◆ **Task requirements**:
The records below are to be transcribed exactly from their first line to the line that has "गुवाहाटी येथील शांतीपूर", inclusive, with every picture omitted.

◆ **Task inputs**:
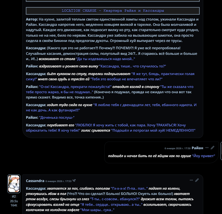 А ещё я поменял настоящее время на прошедшее и как будто бы стало лучше именно в плане прозы читаться, ну может эффект новизны я просто всегда настоящее время в промптах использовал
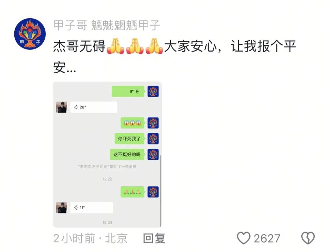 17日下午,据向阳视频,好友甲子哥在评论区晒出与李连杰聊天称,杰哥无碍,大家安心,让我报个平安。并还回复网友称,李连杰能吃能喝,很顺利,很快和大家见面。
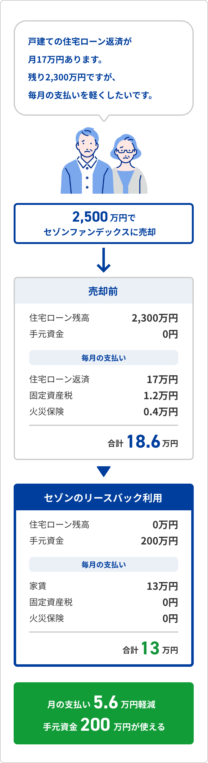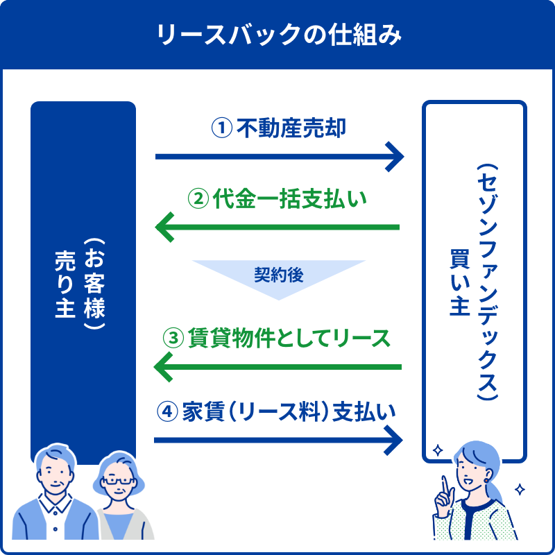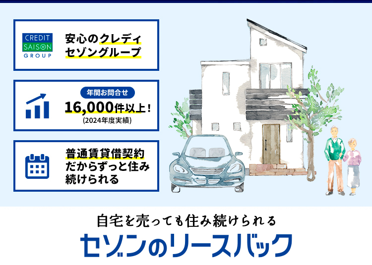 住み慣れた自宅で生活しながら、まとまった資金を調達することが可能です。セゾンのリースバックでは、お客さまの大切なご自宅をセゾンファンデックスが直接買い取り、お客さまは賃貸としてそのまま住み続けていただけます。
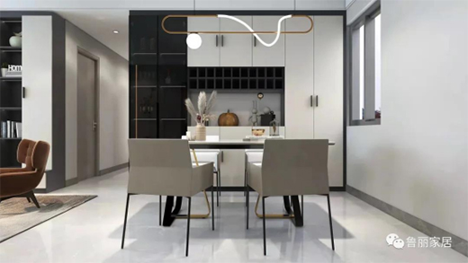 清雅而舒适的生活,也可以不失品味与温度。鲁丽家居设计师采用黑白色系的撞击跳出传统设计的条条框框,辅之以少量金属装饰,为餐厅增添更多温度,让空间更显精致。
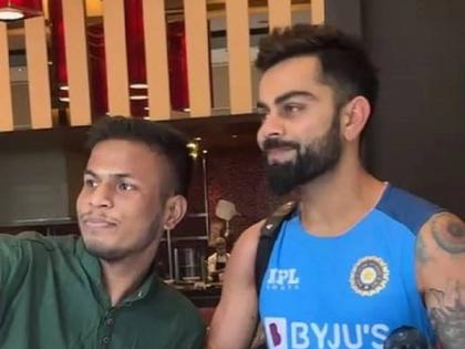 गुवाहाटी येथील शांतीपूर येथील राहुल राय ( Rahul Rai) या युवकाने विराटसोबत सेल्फी काढण्यासाठी २३ हजार रुपये मोजले. गुवाहाटी एअरपोर्टवर सुरक्षारक्षकांनी त्याला विराटसोबत सेल्फी काढण्यापासून रोखले होते आणि त्यानंतर त्याने टीम इंडिया ज्या हॉटेलमध्ये थांबलीय तेथे रुम बुक केला. दुसऱ्याच दिवशी त्याची कोहलीशी भेट झाली आणि ब्रेकफास्ट करताना सेल्फीही घेतली. २९ सप्टेंबरला भारतीय खेळाडू गुवाहाटीत दाखल झाले आणि त्यावेळी राहुल सेल्फी घेण्याचा प्रयत्न केला. पण, सुरक्षा रक्षकांनी त्याला हटकले.
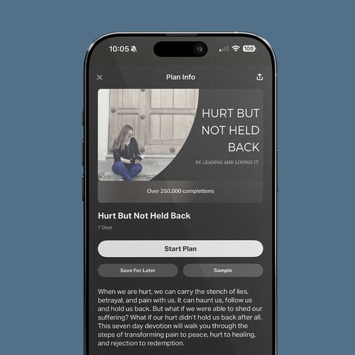 This 7-day devotional, with over 250,000 completions, helping readers confront pain, betrayal, and the lies that try to hold them back while guiding them toward freedom and healing. Through practical, faith-filled steps, it leads you on a journey from hurt to peace, from rejection to redemption, so you can move forward without limits.
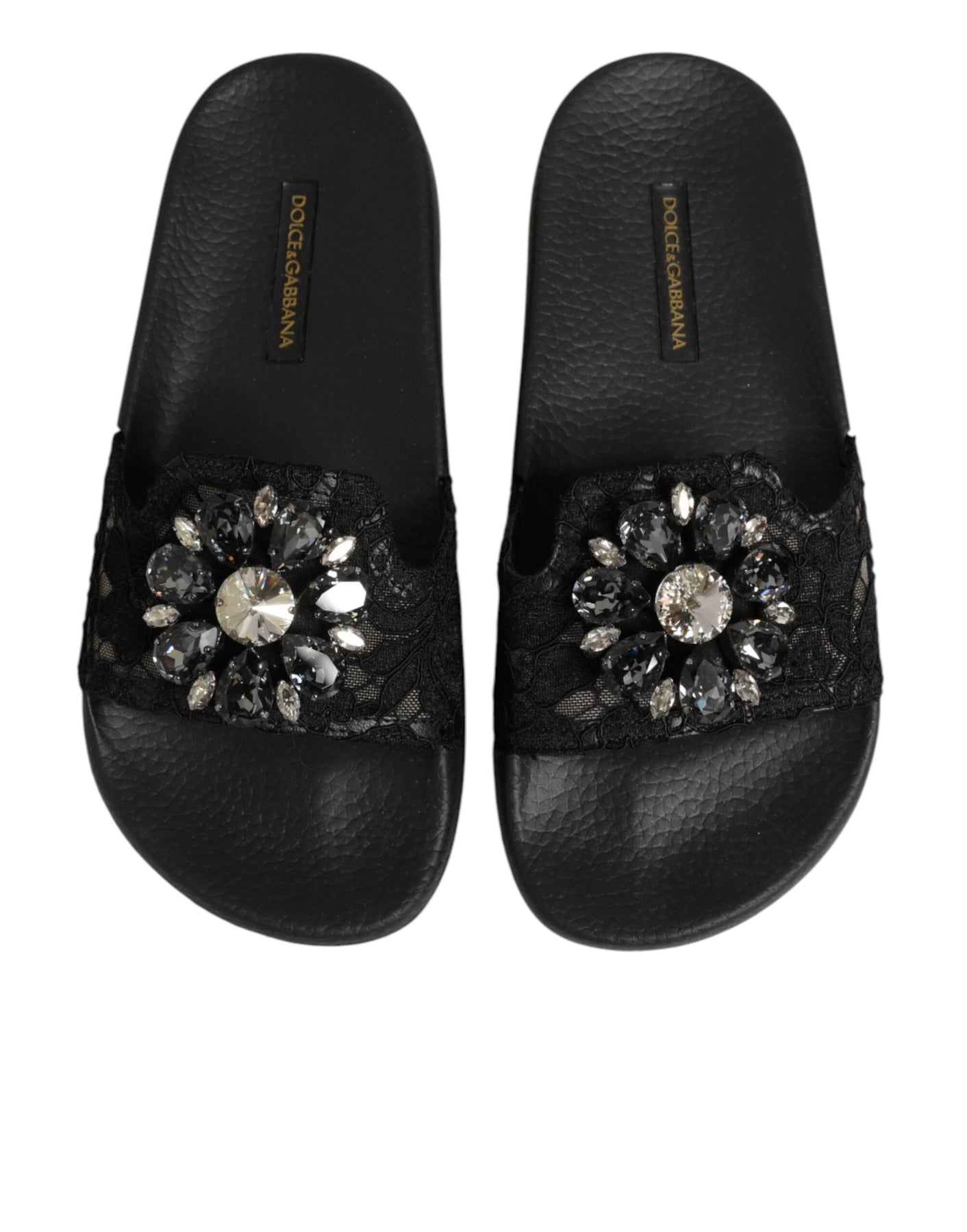 Dolce & Gabbana Black Devotion Matelassé Leather Slides Shoes

◆ **Solution for this problem**:
 А ещё я поменял настоящее время на прошедшее и как будто бы стало лучше именно в плане прозы читаться, ну может эффект новизны я просто всегда настоящее время в промптах использовал
 17日下午,据向阳视频,好友甲子哥在评论区晒出与李连杰聊天称,杰哥无碍,大家安心,让我报个平安。并还回复网友称,李连杰能吃能喝,很顺利,很快和大家见面。
 住み慣れた自宅で生活しながら、まとまった資金を調達することが可能です。セゾンのリースバックでは、お客さまの大切なご自宅をセゾンファンデックスが直接買い取り、お客さまは賃貸としてそのまま住み続けていただけます。
 清雅而舒适的生活,也可以不失品味与温度。鲁丽家居设计师采用黑白色系的撞击跳出传统设计的条条框框,辅之以少量金属装饰,为餐厅增添更多温度,让空间更显精致。
 गुवाहाटी येथील शांतीपूर येथील राहुल राय ( Rahul Rai) या युवकाने विराटसोबत सेल्फी काढण्यासाठी २३ हजार रुपये मोजले. गुवाहाटी एअरपोर्टवर सुरक्षारक्षकांनी त्याला विराटसोबत सेल्फी काढण्यापासून रोखले होते आणि त्यानंतर त्याने टीम इंडिया ज्या हॉटेलमध्ये थांबलीय तेथे रुम बुक केला. दुसऱ्याच दिवशी त्याची कोहलीशी भेट झाली आणि ब्रेकफास्ट करताना सेल्फीही घेतली. २९ सप्टेंबरला भारतीय खेळाडू गुवाहाटीत दाखल झाले आणि त्यावेळी राहुल सेल्फी घेण्याचा प्रयत्न केला. पण, सुरक्षा रक्षकांनी त्याला हटकले.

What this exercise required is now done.